Best Original Screenplay was introduced at this ceremony, alongside Best Screenplay, which would eventually become Best Adapted Screenplay, and Best Original Story.

Independent producer David O. Selznick, who had produced the previous year's Best Picture winner Gone with the Wind (1939), produced the film with the most nominations again this year, Rebecca (11), and campaigned heavily for its win. The film won Best Picture, making Selznick the first to produce two consecutive winners; its only other win was for Best Cinematography (Black and White), marking the last time to date a film would win Best Picture but not win for either directing, acting, or writing.

The film's distributor, United Artists, was the last of the original film studios (Metro-Goldwyn-Mayer, Columbia, 20th Century-Fox, Warner Bros., RKO Radio, Universal, and Paramount) to win Best Picture. Rebecca was the first American film directed by Alfred Hitchcock, and the only one of his films to win Best Picture. Hitchcock had two films nominated for Best Picture, the other being Foreign Correspondent, and two other directors also had two films in the running: Sam Wood (Our Town and Kitty Foyle) and John Ford (The Long Voyage Home and The Grapes of Wrath, which won Best Director).
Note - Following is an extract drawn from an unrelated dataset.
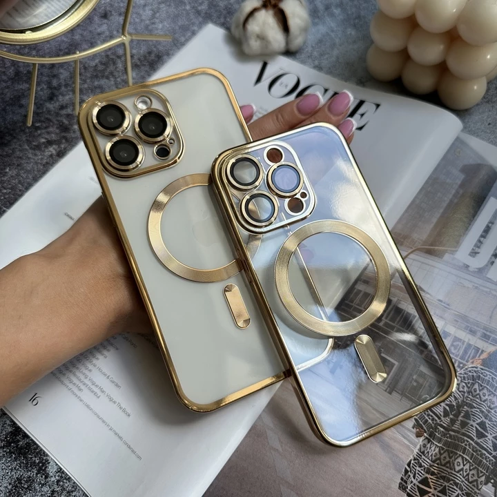 Прозорий силіконовий чохол, виготовлений з пластичного матеріалу TPU, який вирізняється чудовими амортизуючими та захисними властивостями. Перевагою даного чохла є наявність вмонтованих магнітів, які фіксують IPhone на безпровідних зарядках та магнітних тримачах. Кольорові борти гармонійно поєднуються з магнітним елементом MagSafe в один і той же колір. Доступні різноманітні кольори бортиків, тому майбутньому власнику легко буде обрати улюблений колір. Камера у чохлі оснащена вбудованим склом, завдяки якому забезпечується високий рівень захисту від механічних пошкоджень під час ударів і падінь. Прозорий корпус дозволяє не приховувати яблучний логотип.

Pinocchio was the first animated feature film to win competitive Oscars, for Best Original Score and Best Original Song, starting a long tradition of animated films winning in these categories. The Thief of Bagdad received the most Oscars of the evening (3), the first time a film not nominated for Best Picture won the most awards. This and Pinocchio were the first films not nominated for Best Picture to receive multiple awards in Oscar history.

Winners and nominees 

Nominees were announced on February 10, 1941. Winners are listed first and highlighted in boldface.

Academy Honorary Awards 

 Bob Hope "in recognition of his unselfish services to the Motion Picture Industry".
 Colonel Nathan Levinson "for his outstanding service to the industry and the Army during the past nine years, which has made possible the present efficient mobilization of the motion picture industry facilities for the production of Army Training Films".

1941 Oscar firsts 

For the first time, names of all winners remained secret until the moment they received their awards.

Franklin D. Roosevelt gave a six-minute direct radio address to the attendees from the White House. It is the first time an American president participated in the event.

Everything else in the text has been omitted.